I had been very lucky actually to have a doctor come at the right exact moment. He had given me an epi-pen or something like that, I honestly dont know I think I was passed out or something. The only thing I remember was the awful horrible feeling of not getting air into my lungs, as if my chest had dried up completely!

This is about the third time that happens to me, the first time happened when my parents realized I was allergic to strawberry's and the second was when I was about 8 or 9. I had ate a strawberry cupcake at a birthday party and the only thing I remember was my mom rushing me to the hospital.

I shuddered at the memories, thankfully I was alive and nothing bad had happened. I smiled to myself again, I was alive once again thanks to Bruno and his quick thinking, and of course thanks to the doctors who treated me.

I dont really remember much, after darkness consumed me I started to feel anxiety kick in me, I honestly did think I was going to die. Then I passed out completely and everything else is like a dream, I just remember a lot of doctors surrounding me and an I.V in my vein which made me panic, luckily that didnt last long because I fell into a deep sleep.

Then when I woke up again I was on the couch with an i.v stuck on my arm, I tried taking it off but Bruno convinced me to leave it there, it's a weird feeling, to have a needle inside of me. It doesn't hurt but it's definitely uncomfortable and the fact that I hate needles doesn't make it any better!

Right now I feel tired and my throat hurts, but I dont understand why I dont have a rash or at least hives or even swelling of my throat, it hurts but its not swollen. I guess the epi-pen took care of that.

Doctors said I should rest for the rest of the day and that I should be more careful now. I dont understand though. It's just strawberry's I'm allergic to! I would get it if I had been stung by a bee or I was allergic to something worse like chocolate, but no, my body reacted like that with just a plain fruit!

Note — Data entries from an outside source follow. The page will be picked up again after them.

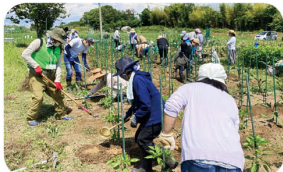
野菜づくりを一から学びます

土づくりや野菜づくりを体験し、有機農業について学びませんか。午前 は講義、午後は実習を 行います。収穫物はお 持ち帰りいただけます。 詳しくはお問い合わせ ください。
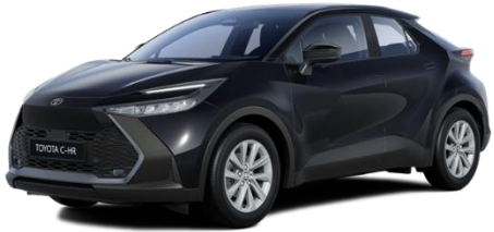
209 – Night Sky Black (nur Monotone)
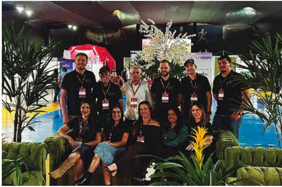
Dedicação: equipe do Sindicato Rural esteve à frente da organização do Senabe

Outro diferencial do Senabe foi a filantropia. A praça de alimentação do evento teve a participação de entidades como a ONG Mapear, Obra Deus Proverá, Escola de Educação Especial Cáritas, Sociedade Lar da Infância, Projeto Renascer, Fundo Social Municipal e Recanto Pastorinho que comercializam, além de sabores tradicionais, di-
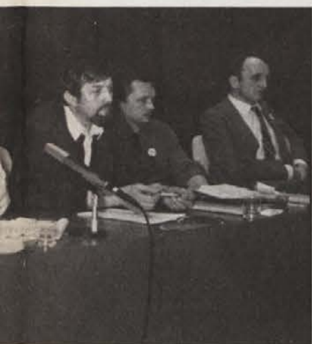
tja Boh (v sredini zgoraj). France Tom- nije.
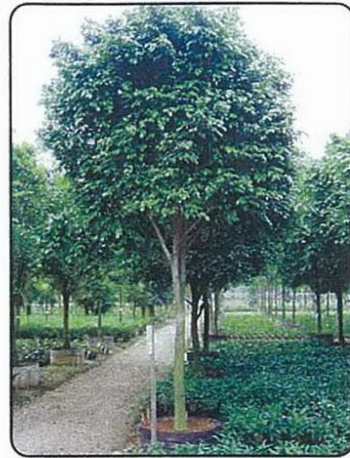
Ficus benjamina (垂葉榕)
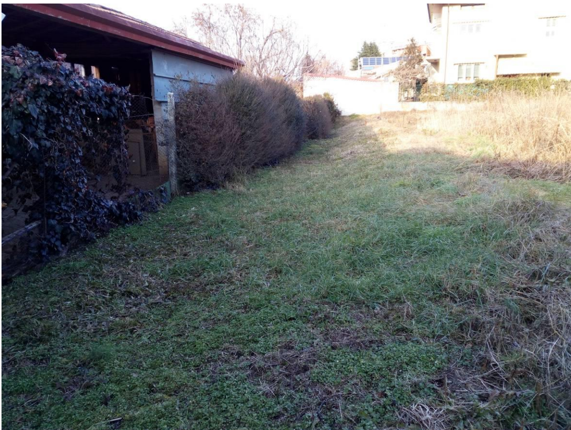
RIPRESA FOTOGRAFICA n.5
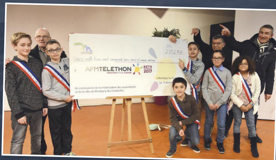
L'édition 2017 avait rapporté 2352,15€ à l'association AFM-Téléthon.

→ Tournois gaming : en 2024, le service municipal de la jeunesse a organisé une soirée gaming (jeux vidéo) à l'Espace Nelson-Mandela, et l'intégralité des recettes était destinée au Téléthon.
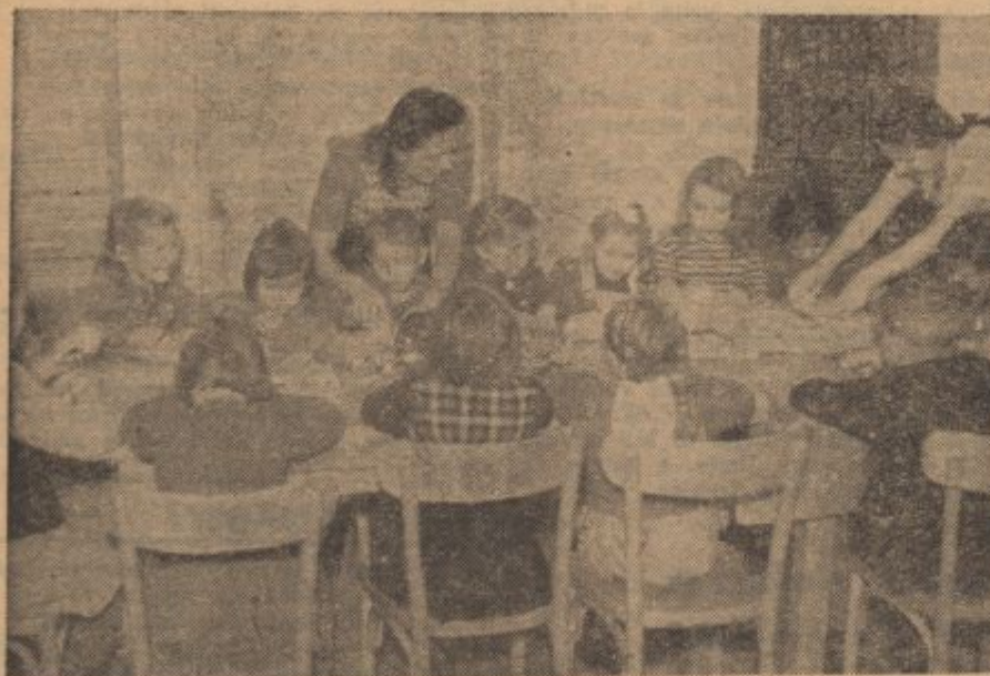
Eichtaler Kinder beim Basteln.

Zahvalno pismo eichtalski Kindergruppi za poslana darila
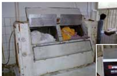
Die neue Waschmaschine, eine grosse Erleichterung.

Das Altersheim-Projekt ist schwer zu finanzieren. Einerseits will die Mehrheit der Spender nicht in alte Menschen investieren; das sei nicht nachhaltig. Andererseits handelt es sich um ein Programm ohne Ende; es gibt keinen Zeitpunkt, an dem es abgeschlossen wäre. IPA hat das Problem über Jahre so gelöst: Die Organisation
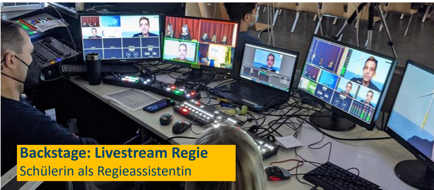
Backstage: Livestream Regie Schülerin als Regieassistentin

I sighed and rested my head on Bruno's shoulder tiredly, he's been so sweet since I woke up. Not leaving me for one second and getting me everything I need and saying sweet things. I wonder if he felt like this when I took care of him? I hope, it feels nice to have someone taking care of you. It reminds me of Nick when I used to be sick and he would take care of me and try to make me laugh.

I sighed again and closed my eyes tiredly, I didnt want to think about my Nick. I miss him so much but if I dont think about him or my family it makes things easier for me, even though it hurts a lot I have to try and make and effort to stop thinking about them at least for a while.

"I'm so sorry Mandy!" I heard Bruno whisper, he took my hand giving it a gentle squeeze. I rolled my eyes and opened them tiredly "Bruno you have to stop apologizing! I know you were trying to kill me and all and it didnt work but that's no reason to apologize" I joked trying to get him to calm down.